AKT- a key molecular regulator of
PI-3K signaling pathway, is somatically mutated in diverse solid
cancer types, and aberrant AKT activation promotes altered
cancer cell growth, survival, and metabolism1-8. The most common of AKT mutations (AKT1 E17K) sensitizes affected solid
tumors to AKT inhibitor therapy7,8. However, the pathway dependence and inhibitor sensitivity of the long tail of potentially activating mutations in AKT is poorly understood, limiting our ability to act clinically in prospectively characterized
cancer patients. Here we show, through population-scale driver mutation discovery combined with functional, biological, and therapeutic studies that some but not all missense mutations activate downstream AKT effector pathways in a
growth factor-independent manner and sensitize
tumor cells to diverse AKT inhibitors.

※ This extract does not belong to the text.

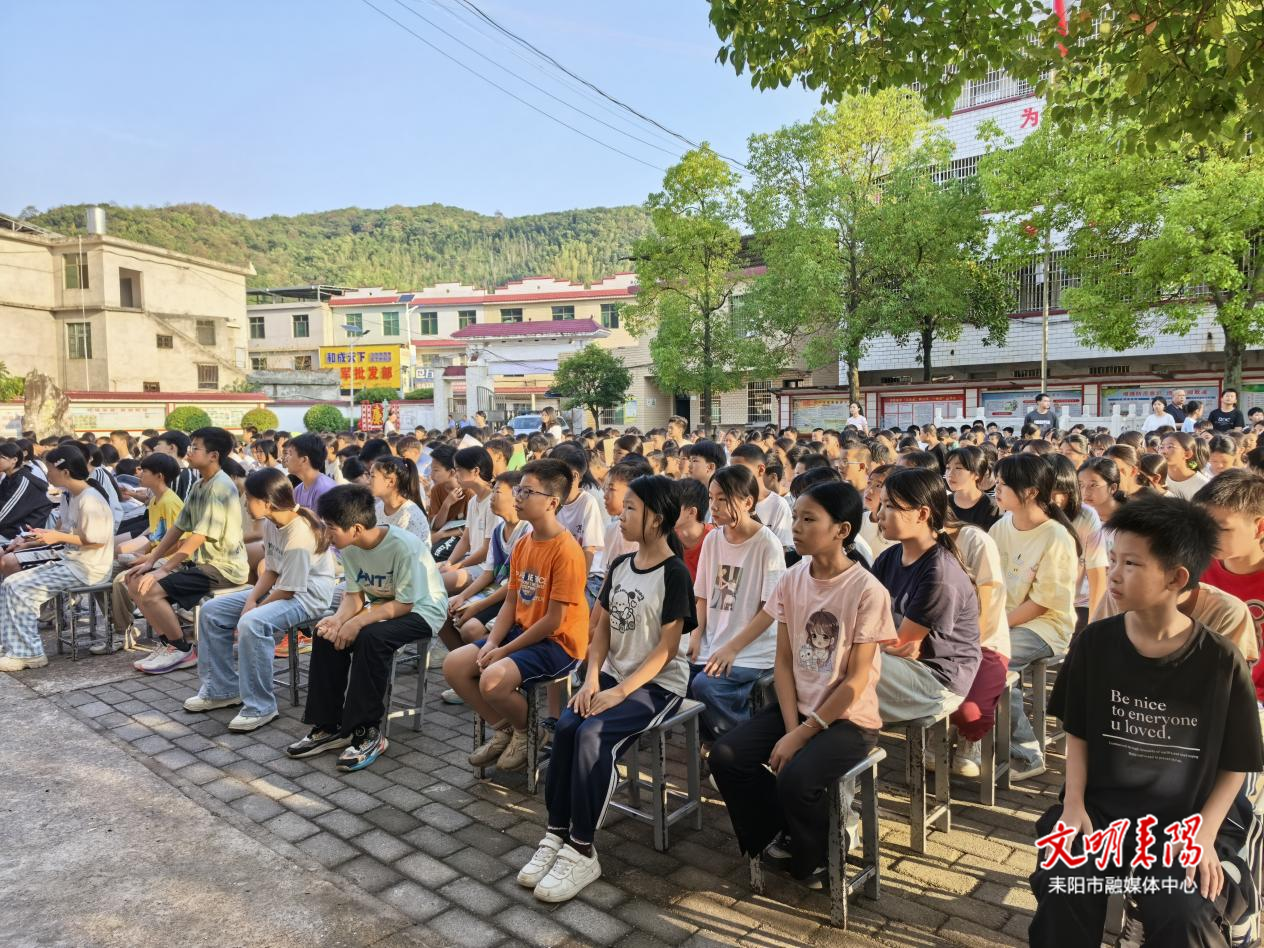 耒阳融媒9月19日讯(记者 梁斌 通讯员 陆元堃)9月18日上午,黄市镇组织派出所、禁毒办相关工作人员及志愿者走进黄市中学,开展禁毒及校园霸凌“开学第一课”法治讲座宣传活动,为数百位学生带来了一场别开生面的法律课堂。

A distinct class of small in-frame duplications paralogous across AKT
isoforms induce structural changes different than those of activating missense mutations, leading to a greater degree of membrane affinity, AKT activation, and cell proliferation as well as pathway dependence and hyper-sensitivity to
ATP-competitive, but not allosteric AKT inhibitors. Assessing these mutations clinically, we conducted a phase II clinical trial testing the AKT inhibitor
capivasertib (
AZD5363) in patients with solid
tumors harboring AKT alterations (NCT03310541). Twelve patients were enrolled, out of which six harbored AKT1-3 non-E17K mutations. The median progression free survival (PFS) of
capivasertib therapy was 84 days (95% CI 50-not reached) with an objective response rate of 25% (n = 3 of 12) and clinical benefit rate of 42% (n = 5 of 12). Collectively, our data indicate that the degree and mechanism of activation of oncogenic AKT mutants vary, thereby dictating allele-specific pharmacological sensitivities to AKT inhibition.